EXERCISE BRIEF: Beginning at the line that holds "今後の気温についてですが、き" and continuing to the last line of the data below, transcribe every line word for word, without pictures.

[Items from a data source]
+++

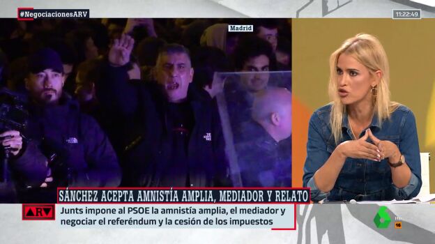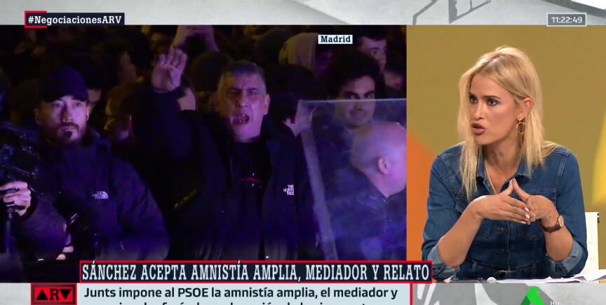 El líder de Vox, Santiago Abascal, volvió a acudir este jueves a la protesta concentrada en Ferraz, en contra de la amnistía, que acabó con fuertes disturbios policiales. En Al Rojo Vivo, la sindicalista Afra Blanco ha criticado su asistencia.
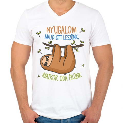 1 kép PRINTFASHION Majd ott leszünk - Férfi V-nyakú póló - Fehér
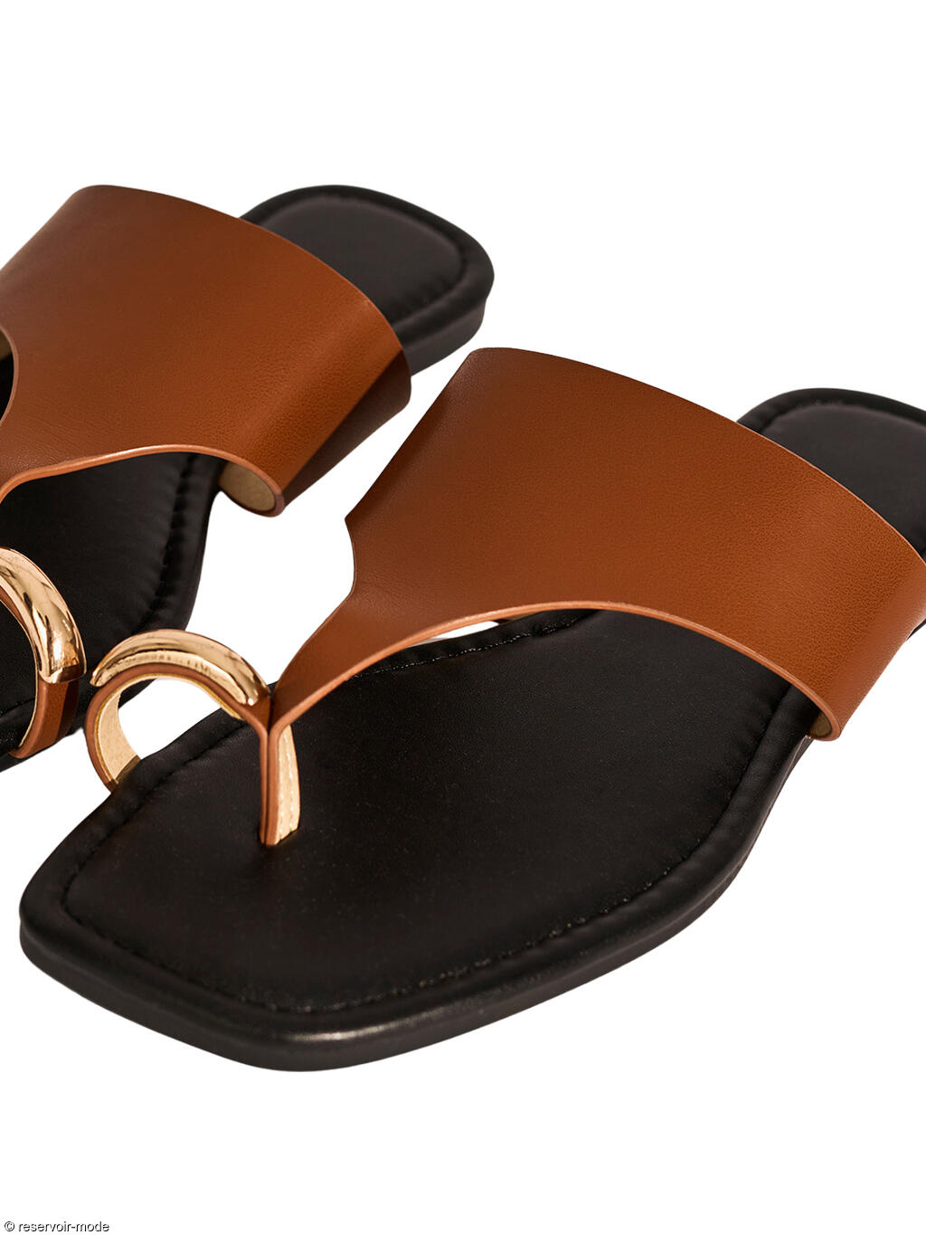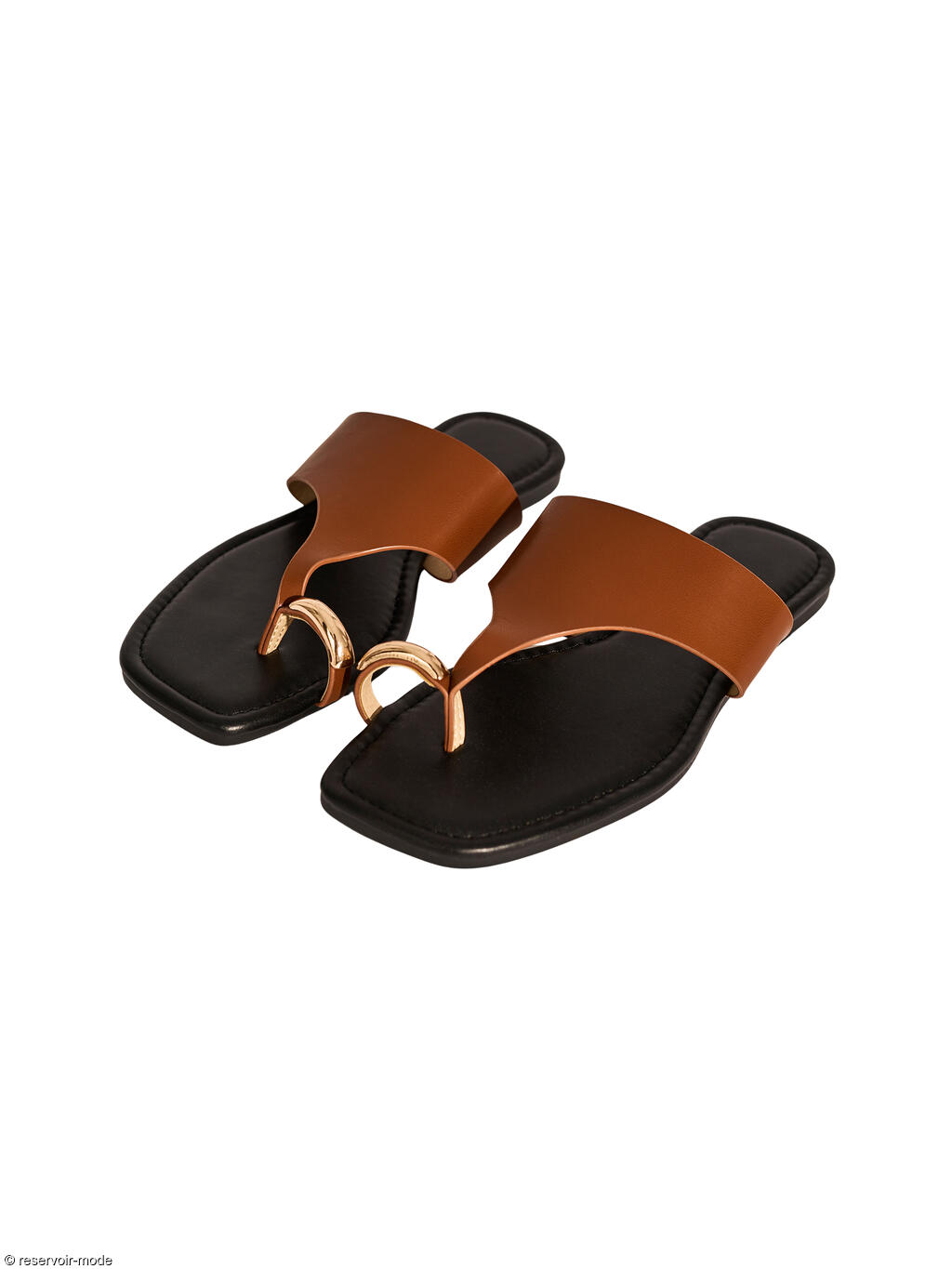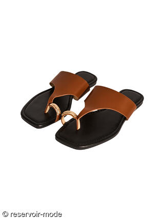 Ces sandales affichent un style à la fois minimaliste et sophistiqué, parfaites pour une tenue estivale élégante. La particularité principale est l'anneau métallique doré qui entoure le gros orteil, servant à la fois de maintien et de bijou. Une large bride en simili cuir de couleur camel s'étend sur le cou-de-pied avec une découpe asymétrique moderne qui remonte vers l'entre-doigt. La semelle est plate avec un bout carré, une tendance forte qui apporte une touche architecturale et contemporaine. Le mélange du noir de la semelle intérieure et du camel de la bride crée un look intemporel et facile à assortir. L'anneau est d'une finition or brillant, ce qui rehausse l'aspect luxueux de la chaussure. La semelle intérieure est légèrement rembourrée pour plus de confort, avec une surpiqûre apparente sur tout le pourtour. Ces sandales se marieront parfaitement avec un pantalon en lin blanc large pour un look Riviera, une robe longue vaporeuse ou une jupe midi, ou encore avec des accessoires dorés pour rappeler l'anneau de l'orteil.
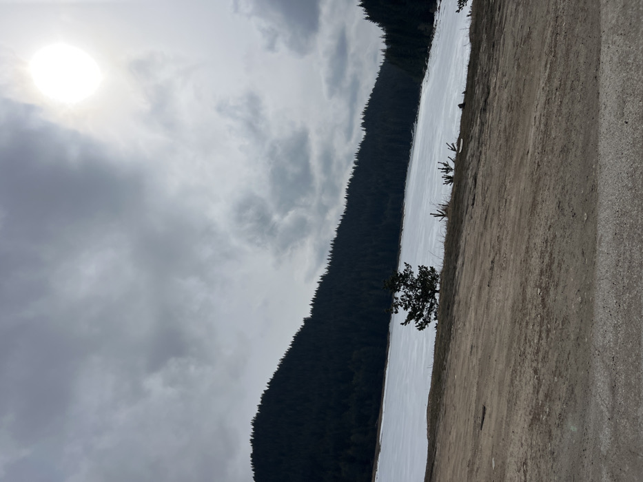 The image displays a winter or early spring landscape near Sarnitsa, Bulgaria. A large, flat body of water, uniformly white and appearing frozen or snow-covered, occupies the middle and right-middle ground. Behind this water, densely forested hills, covered in dark coniferous trees, rise and extend across the scene, appearing darker than the overcast sky. The sky is predominantly cloudy with varying shades of grey, but a bright, circular sun is distinctly visible in the upper right quadrant, casting a strong glare. In the immediate foreground, a barren, brown, sloping dirt or unpaved area leads down towards the water. A single, medium-sized dark conifer tree stands on the bank between the foreground and the frozen water, slightly to the left of the image center, with several smaller saplings visible further right along the same bank. No individuals, animals, or man-made structures are present, and no actions or interactions are depicted.
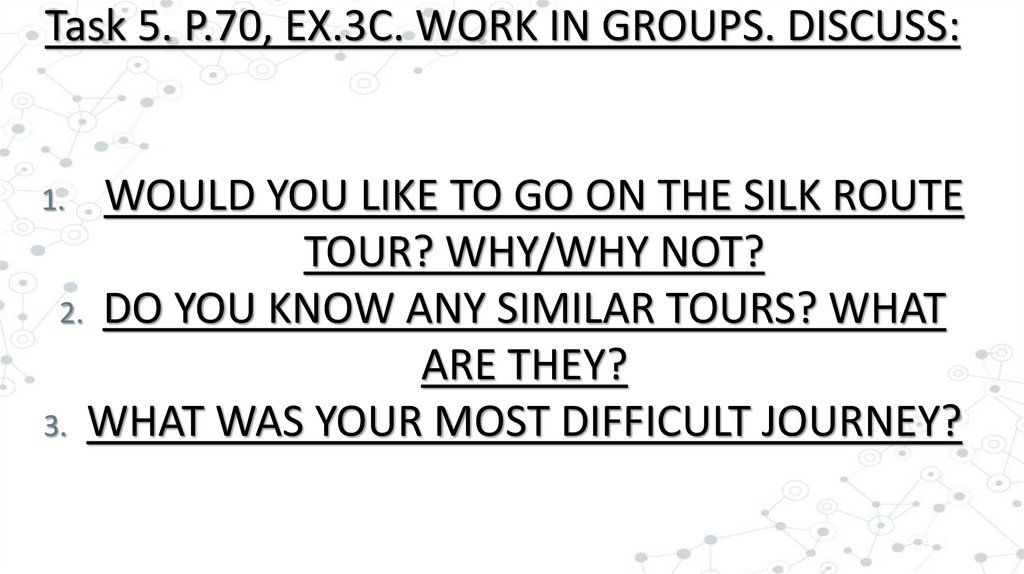 Task 5. P.70, EX.3C. WORK IN GROUPS. DISCUSS:WOULD YOU LIKE TO GO ON THE SILK ROUTE
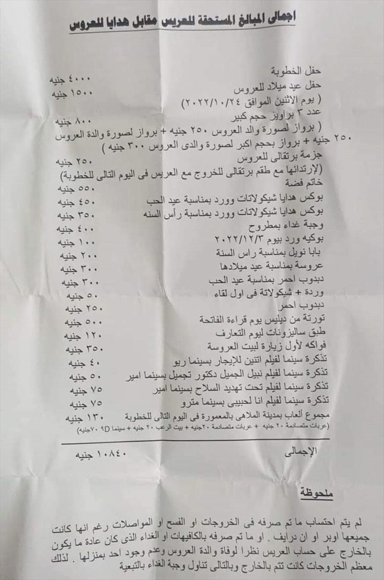 أثارت صورة تم تداولها على موقع التواصل الاجتماعي فيس بوك، جدلًا كبيرًا خاصة بعدما قيل إنها كشف حساب لمصروفات فترة الخطوبة من شاب يطالب بها خطيبته بعد قرارها بفسخ الخطوبة.
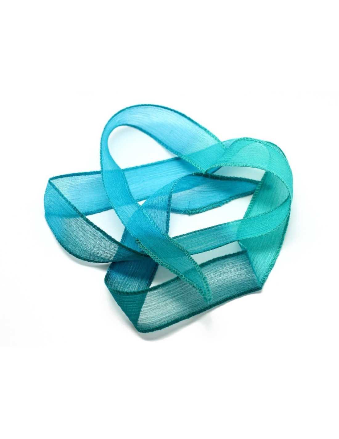 1pc - Hand Dyed Silk Ribbon Necklace 85 x 2.5cm Teal Green Blue (ref SOIE128) 4558550003157
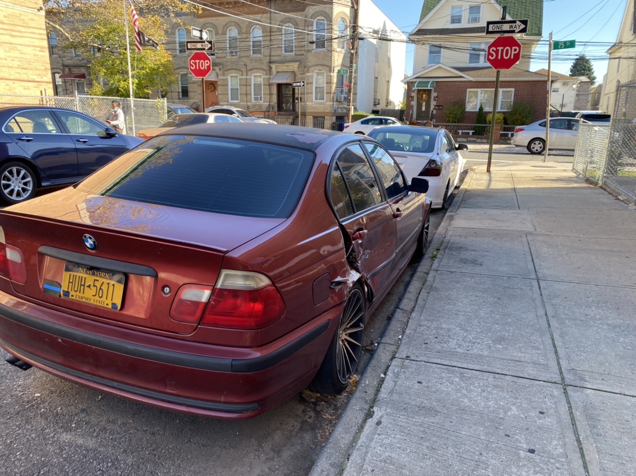 Commercial vehicles park overnight; Many cars have not moved for over a year including this red BMW; Eldert Avenue homeless shelter residents open trash bags…
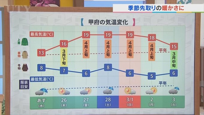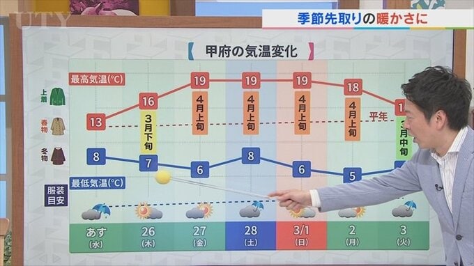 今後の気温についてですが、きょうは甲府で20℃を超える暖かさとなりましたがあすは雨の影響で気温は一旦下がります。
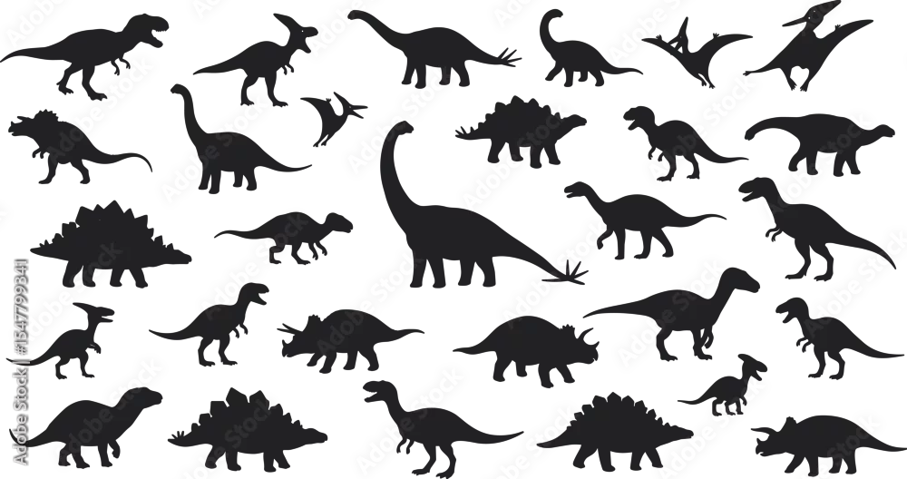 Fototapeta Silhouette dinosaurs vector collection, prehistoric animal set, black dinosaur icons for kids, dinosaur clipart, T-Rex, Triceratops, Stegosaurus, flying dinosaur, Jurassic theme illustration,
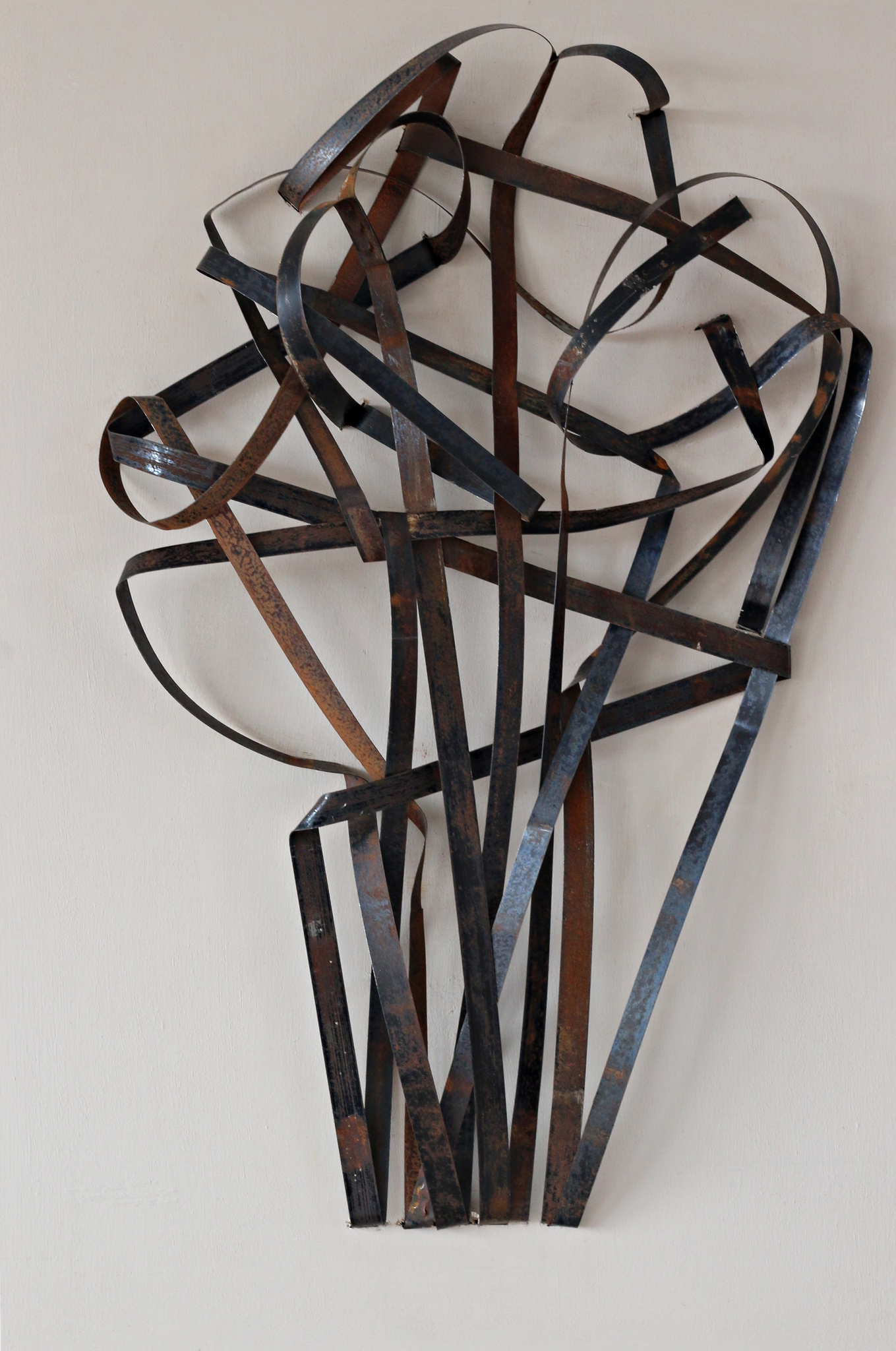 Wandobject samengesteld uit gevonden geroeste metaalstrips. Verbeeldend de Levensboom.

+++

WORKED SOLUTION:
 今後の気温についてですが、きょうは甲府で20℃を超える暖かさとなりましたがあすは雨の影響で気温は一旦下がります。
 Fototapeta Silhouette dinosaurs vector collection, prehistoric animal set, black dinosaur icons for kids, dinosaur clipart, T-Rex, Triceratops, Stegosaurus, flying dinosaur, Jurassic theme illustration,
 Wandobject samengesteld uit gevonden geroeste metaalstrips. Verbeeldend de Levensboom.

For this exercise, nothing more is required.